Petty Theft and Horsehair Singularity 8/25/2020

Plagiarism is the highest crime an artist can commit since we survive on our imaginations. Our thoughts are our currency. But as in every justice system there are degrees and contradictions. Petty thefts are not only tolerated, but encouraged. T.S. Elliot, in an oft-abbreviated quote worth reading in its entirety, states that “Mature poets steal.” Nearly all undergrad poetry students take part in at least one found poetry exercise where they are sent out to scavenge words from the fire extinguishers instructions, soda can labels, warning from student health pamphlets. Then back in class, they wrestle to massage their scrounged vocabulary into lines and stanzas greater than their parts; to see the splendor waiting in fragments. For the last few months I have shoplifted words liberally from my daily reading. When my own prose lags I go to my list  and read “whipsawed,” “raw-boned,” “carousel,” “luster.” The right word is waiting there to fall into place. Then I can go on. Never steal lines, but pocket single words on the sly. Beauty will be exonerated.

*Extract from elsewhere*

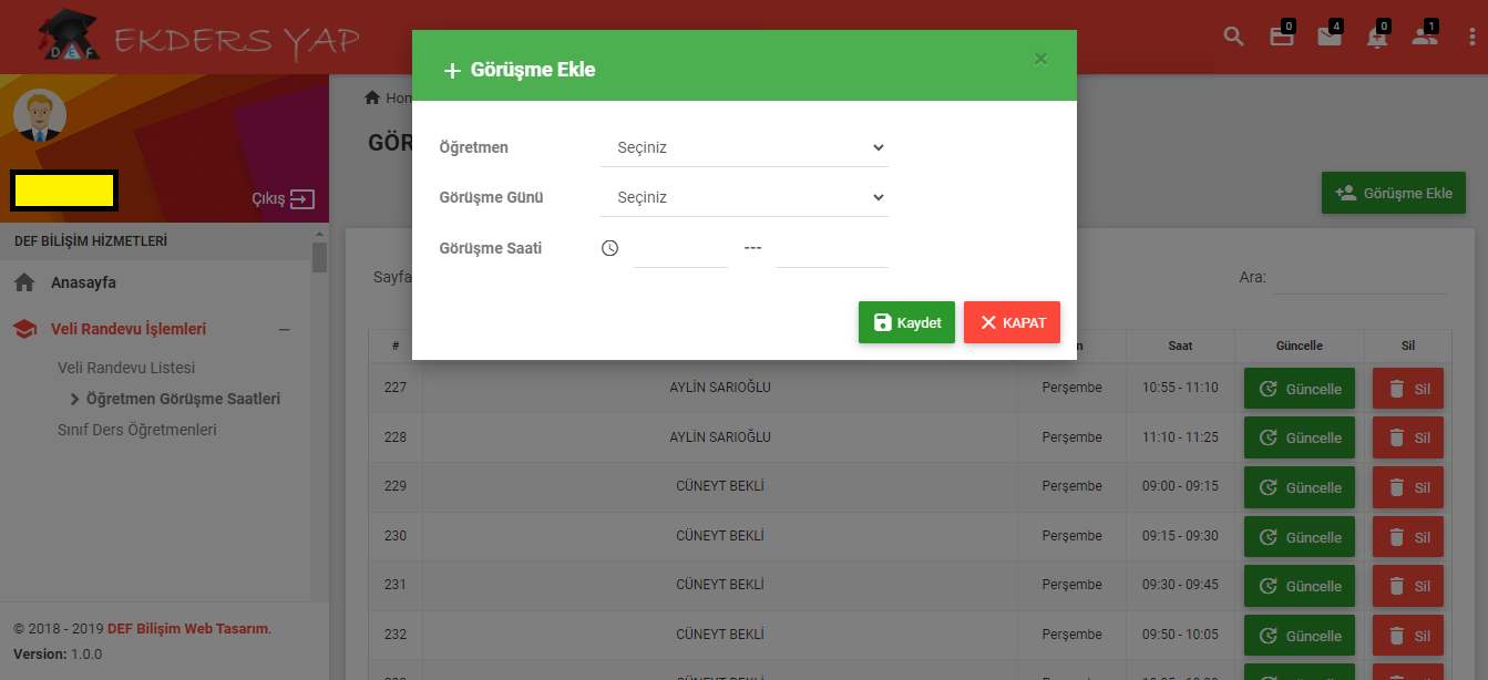 Ekdersyap otomasyonu bünyesinde olup okullarda öğretmen veli iletişiminin sağlıklı bir şekilde yürütülmesi için oluşturulmuş bir uygulamadır. Bu uygulama ile öğretmenlerin görüşme saatleri sisteme tanımlanır ve veliler sistem üzerinden randevu oluşturmaktadır. Randevu bilgileri sms ile hem veli hem öğretmene ulaşmaktadır.

Do this. Go to a place foreign to your experience. Become a strip mall explorer. This week I wandered into a violin shop with no musical ability, history, or cultural touchstone beyond fiddles bowed wildly in the bluegrass dive bars of my youth. It was an empty midday and the owner, with nothing else to do, generously gave me a tour of each gleaming wood grained femme oiled with care. Violins from Norway with carved dragon heads like Viking longships. Body-less practice violins whose strings could only whisper notes. Violins the size of my hand meant for toddlers. He played a Stroh violin with its tin horn amplifier while telling stories of European street musicians long dead. I learned about horsehair strings, and the best rosin. Each instrument was its own handmade creature. The owner glowed; consumed with his singular passion. It didn’t matter that I wasn’t there to buy. I listened with genuine interest, and that is all anyone truly wants- to be heard and matter. I left serene, if envious that I will never have such a sole obsession in my life. My magpie mind roams to learn. It drifts to catalogue souvenirs and stories that glimmered.

 “There has to be an imaginary point, a  non-place, where language intercepts with our concepts of time and space. And he is a stranger at this crossing without words or bearings.”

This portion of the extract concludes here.